Every check is audited
Every policy evaluation -- allow or deny -- emits a structured AuditEvent to the event bus. This provides a complete, tamper-evident record of all access attempts.
Architecture¶
graph LR
A[AgentRuntime] --> B[PolicyEngine]
B --> C[NetworkPolicyEngine]
B --> D[FilesystemPolicyEngine]
B --> E[ShellPolicyEngine]
C --> F[AuditEvent]
D --> F
E --> F
F --> G["audit.jsonl"] The PolicyEngine is initialized once from MissyConfig and installed as a thread-safe process-level singleton:
from missy.policy.engine import init_policy_engine, get_policy_engine
init_policy_engine(config)
engine = get_policy_engine()
engine.check_network("api.github.com", category="provider")
NetworkPolicyEngine¶
Controls all outbound network access. Operates in default-deny mode: every connection is blocked unless explicitly allowed.
Evaluation Order¶
The engine evaluates requests in this order, short-circuiting on the first match:
- Default-allow check -- If
default_deny: false, allow everything (not recommended). - Bare IP check -- If the host is an IP address, check against
allowed_cidrsonly. - Exact host match -- Check
allowed_hostsand per-category host lists. - Domain suffix match -- Check
allowed_domainswith wildcard support. - DNS resolution + CIDR re-check -- Resolve the hostname, then check resolved IPs against
allowed_cidrs. - Deny -- Raise
PolicyViolationError.
Configuration¶
network:
default_deny: true
# CIDR blocks (IPv4 and IPv6)
allowed_cidrs:
- "10.0.0.0/8"
- "fd00::/8"
# Domain names (exact or wildcard suffix)
allowed_domains:
- "api.anthropic.com" # Exact match
- "*.github.com" # Matches api.github.com, github.com, etc.
# Explicit host:port pairs
allowed_hosts:
- "api.anthropic.com:443"
# Per-category overrides (merged with global lists)
provider_allowed_hosts:
- "api.anthropic.com:443"
- "api.openai.com:443"
tool_allowed_hosts:
- "api.github.com:443"
discord_allowed_hosts:
- "discord.com:443"
- "gateway.discord.gg:443"
Domain Matching¶
Domain patterns support two forms:
| Pattern | Matches | Does Not Match |
|---|---|---|
github.com | github.com | api.github.com |
*.github.com | github.com, api.github.com, raw.github.com | evil-github.com |
Wildcard scope
*.github.com matches github.com itself and any subdomain.

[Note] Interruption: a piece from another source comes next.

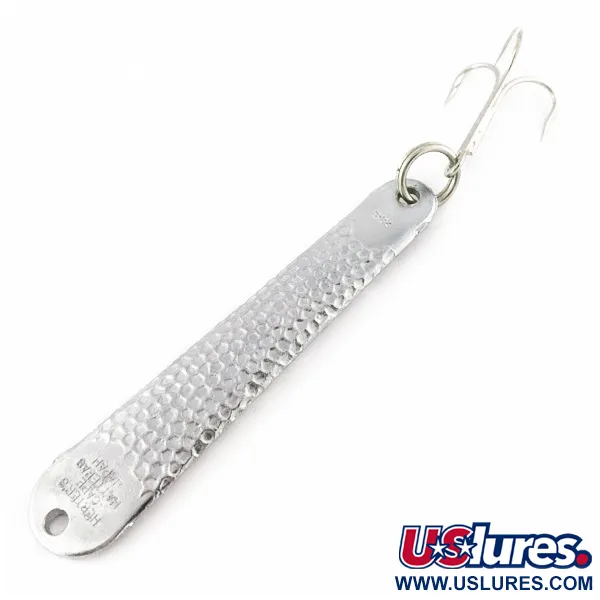 Con un peso de 1 1/2 oz (42 g), esta pesada cucharilla de níquel está diseñada para alcanzar grandes profundidades y para un uso intensivo en agua salada. Con una longitud de 10 cm (4"), el cuerpo presenta un acabado martillado distintivo diseñado para reflejar la luz, que transiciona hacia una sección lisa y estampada en la base. Este ejemplar específico, identificado con el código de producto 24356, representa la era de fabricación en la que la firma estadounidense Herter's Inc. importaba aparejos de alta calidad desde Japón para sus legendarios catálogos de venta por correo. La denominación Cape Hatteras hace referencia a las bravas aguas costeras de Carolina del Norte, destacando su diseño para la captura de grandes depredadores. El niquelado está notablemente limpio, con una calificación de estado de 5/5, y la identificación estampada "Herter's Cape Hatteras Japan" se mantiene nítida y perfectamente legible. Viene equipada con una robusta anilla abierta y un anzuelo triple brillante en la cola, mientras que la cabeza presenta un orificio limpio para el anudado de la línea.
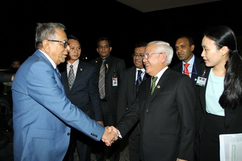 | Le président du Comité populaire de Hô Chi Minh-Ville, Lê Hoàng Quân (droite), serre la main au président du Bangladesh, Abdul Hamid, le 12 août dans la mégapole du Sud. |

It does not match domains that merely end with the string (e.g., not-github.com is not matched).
Per-Category Host Lists¶
Network requests carry a category tag identifying the subsystem making the request:
| Category | Host List | Typical Use |
|---|---|---|
provider | provider_allowed_hosts | AI provider API calls |
tool | tool_allowed_hosts | Tool HTTP requests |
discord | discord_allowed_hosts | Discord API and Gateway |
Per-category lists are checked in addition to the global allowed_hosts and allowed_domains. A host allowed in the global list is accessible to all categories.
DNS Rebinding Protection¶
DNS rebinding attacks
An attacker can point evil.example.com at 169.254.169.254 (cloud metadata) or 10.0.0.1 (internal infrastructure). Without DNS rebinding protection, a domain-allowlisted hostname could reach private networks.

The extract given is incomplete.